JERUSALEM – Claims made by an American scientist that Israel’s Iron Dome anti-missile defense system downed only 5 to 10 percent of rockets fired from Gaza during Operation Pillar of Defense last November, and not more than 80 percent as Israel claims, were refuted yesterday by the former head of Israel’s anti-missile development program.
"The rocket battles, successful or not, during Pillar of Defense have been fully reconstructed and analyzed, interception after interception, and the results are unambiguous," wrote Uzi Rubin in Haaretz. "The success rate matches the defense establishment statements."
The success of the system was widely seen as a game changer that virtually neutralized the single effective weapon in Hamas’ arsenal: rockets.

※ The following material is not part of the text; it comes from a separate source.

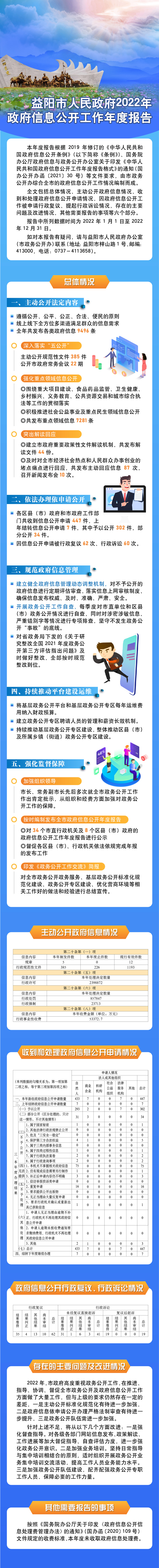 本年度报告根据2019年修订的《中华人民共和国政府信息公开条例》(以下简称《条例》)、《国务院办公厅政府信息与政务公开办公室关于印发<中华人民共和国政府信息公开工作年度报告格式>的通知》(国办公开办函〔2021〕30号)等文件要求,由市政务公开办综合全市的政府信息公开工作情况编制而成。全文包括总体情况,主动公开政府信息情况,收到和处理政府信息公开申请情况,因政府信息公开工作被申请行政复议、提起行政诉讼情况,存在的主要问题及改进情况,其他需要报告的事项等六个部分。报告中所列数据时间为2022年1月1日至2022年12月31日。如对本报告有疑问,请与益阳市人民政府办公室(市政务公开办)联系(地址:益阳市梓山路1号,邮编:413000,电话:0737-4113658)。

Hamas fired more than 1,500 rockets into Israel during the weeklong skirmish and it and Hezbollah reportedly have thousands more in reserve.
The Iron Dome radar is capable of detecting a rocket’s likely impact point within moments of liftoff. If the rocket is heading for an open field or a park within a built-up area, the Iron Dome battery will ignore it. Of the rockets fired during the November battle, two-thirds were thus ignored.

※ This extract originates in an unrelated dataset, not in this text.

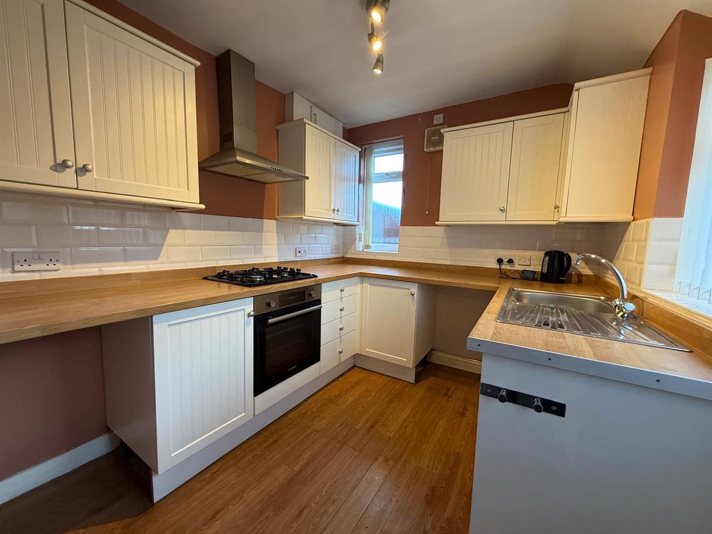 2.335m x 2.843m (7'7" x 9'3")Fitted with a range of base and wall units, work surfaces with single drainer sink unit. Appliances of electric oven and gas hob with space for freestanding appliances. Windows to the side and rear elevations with side entrance door.

Time magazine reported Israeli officials saying at the time that 90 percent of incoming rockets had been destroyed while then-Defense Secretary Leon Panetta said "more than 80 percent" had been intercepted.
No precise breakdown has yet been given. Rubin wrote that Israel "reported that more than 80 percent of the rockets aimed at built-up areas were intercepted and destroyed in the air."
There were only two fatal impacts despite the large number of rockets fired: three were killed in a house and one was hit in an open field.
The Massachusetts Institute of Technology professor Theodore Postol has studied American missile interception systems. He determined in the wake of the 1991 Gulf War that the success rate of the much-vaunted Patriot anti-missile system "could have been less than 10 percent, perhaps even zero," the BBC reported.
Rubin wrote that Postol based his judgment about the Iron Dome system on videos filmed by civilians on their smart phones and on admittedly incomplete information.
Postol's claim "bears no resemblance to real scientific research," Rubin said.
Citing figures of the total number of rockets fired by Hamas provided by the terrorist organization and Israel, Rubin is unclear how Postol can reconcile his claims to the data we now know.
"According to Defense Ministry figures, about 480 rockets were about to fall in built-up areas," Rubin wrote. "If only 10 percent of them were intercepted, where did the nearly 430 rockets that apparently fell nowhere, at least not in one piece, vanish?"
Israel is rushing more Iron Dome batteries into production and upgrading the ones it already has in preparation for a possible outbreak of hostilities with Hezbollah.
An Iron Dome battery was deployed at Ben Gurion Airport for President Barack Obama's inspection upon his arrival Wednesday.